Thursday, February 28, 2013

Three-fold Guide to the Neo-Retro (Revised)

Greyhawk Grognard recently wrote, "Don't Call them Clones." I disagree with some of what is said there for a couple of reasons. I've discussed the subject of how to categorize the various clones, clone-like games, and "retro feel" games a couple of times before. Since then, there have been many more games released, but I think the over-all model as a concept has held up. Here is the model, with the understanding that there are far more games out there than I can possibly fit in this space:


Neo-Retro: This is a broad category under which all relatively recent games claiming a "retro" or "old-school feel" belong. The broad classification is flexible enough to encompass games like DCC RPG and Mazes & Minotaurs, which are very different mechanically but are more about "feel."

The "Clone Spectrum" ranges from retro-clone to what I'm now calling neo-clone (formerly near-clone). These are defined below:

Retro-Clone: I originally coined this term back in 2007, and since then the waters have been muddied, but my intention was that this term be used to describe games that are designed to be system emulators, to the legal extent allowed. Any game in this category is more or less directly compatible as a system emulator.

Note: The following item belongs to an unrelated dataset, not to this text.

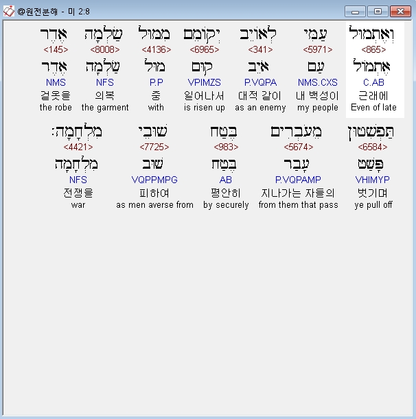 히브리어구약BHS,8 וְאֶתְמוּל עַמִּי לְאֹויֵב יְקֹוםֵם מִמּוּל שַׂלְמָה אֶדֶר תַּפְשִׁטוּן מֵעֹבְרִים בֶּטַח שׁוּבֵי מִלְחָמָה׃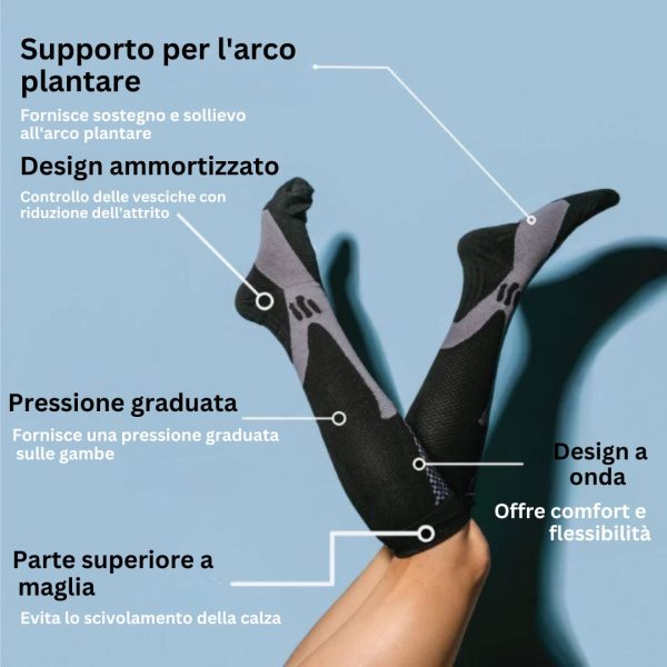 Чувствувајте се удобно во вашите стапала цел ден со компресивните чорапи PRESSOSOX. Тие го намалуваат отокот и олеснуваат болката, обезбедувајќи удобна поддршка додека работите, патувате или вежбате.

Neo-Clone: These games are predominantly mechanically compatible with retro-clones or the source inspiration, but they add or revise certain parts to match a certain aesthetic or design goal. They still fall on the clone spectrum because of compatibility. They are not "holistically innovative" in the way that Mazes & Minotaurs is, for example, but are instead highly derived. This is where I probably differ the most with Greyhawk Grognard, because I see all motivations as basically falling in the same category, whether it is changing the economic system in ACKS, or speculating what a 2e would look like in ADD.

Games that fall in an area where these clone categories overlap are trying to emulate more closely, and include fewer rule changes or "innovations," for lack of a better term. It is a matter of degree.

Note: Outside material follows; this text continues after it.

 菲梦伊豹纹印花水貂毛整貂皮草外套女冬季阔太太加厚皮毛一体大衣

This is how I see the spectrum of games out there. I don't expect the universe to agree with me, but frankly, to me, creating additional distinctions about intent is just splitting hairs. One might wish to have additional categories within the neo-retro sphere, but my scheme is set up this way because of my interests. I could envision more sphere within neo-retro, for example some that include more third edition derived categories to decide where DCC RPG and Castles & Crusades fit in their similarity or dissimilarity to third edition.

Note: Stars Without Number I'm iffy on since I have not looked at it very closely. It might be a neo-clone.

6 comments:

Nick Wright said...

Having a clarity of terms is important, I think; you know what you're getting if they describe themselves as neo-retro instead of a retroclone, for example.

I hope these terms catch on.

Wayne R. said...

I would do things differently; I see it as an outermost circle of "retro games," a circle inside that of "OSR games" and another circle in that of "retro-clones." The innermost circle would have OSRIC and LL, with BFRPG and S&W half inside, half outside. The rest of your "neo-clones" would be "OSR games" and the remainder would just be "retro games."

Dan of Earth said...

@Wayne: That makes some sense, but it doesn't acknowledge that the neo-clones are highly derived mechanically from retro-clones and/or the original inspirations. For example, ACKS borrows a lot of text from Labyrinth Lord and I think BFRPG to a lesser extent, while ADD only borrows from the SRD text-wise but is mechanically highly derived from AD&D. I think those acknowledgements are important. Understandably, publishers of games like those may want to distance themselves from the word "clone," for marketing and branding reasons, but that only obfuscates what they are.

Sine Nomine said...

I'd say SWN probably fits where it's put in this classification. The game system itself is traditional to the extent that you can run B2 with it just by counting monster HD as their attack bonus, but the add-on content of psionics, skills, starships, factions and the like probably move it out of your neo-clone category.

Dan of Earth said...

Thanks for your input, that makes sense. Starships & Spacemen is in a similar boat, but there is a gray area.

Wayne R. said...

Maybe a spectrum from "Clone" to "Neo-Retro" makes the most sense? With LL and OSRIC at one end, BFRPG and S&W a bit further out, the "Neo-Clones" in the middle, and the "Neo-Retro" ones toward the far end.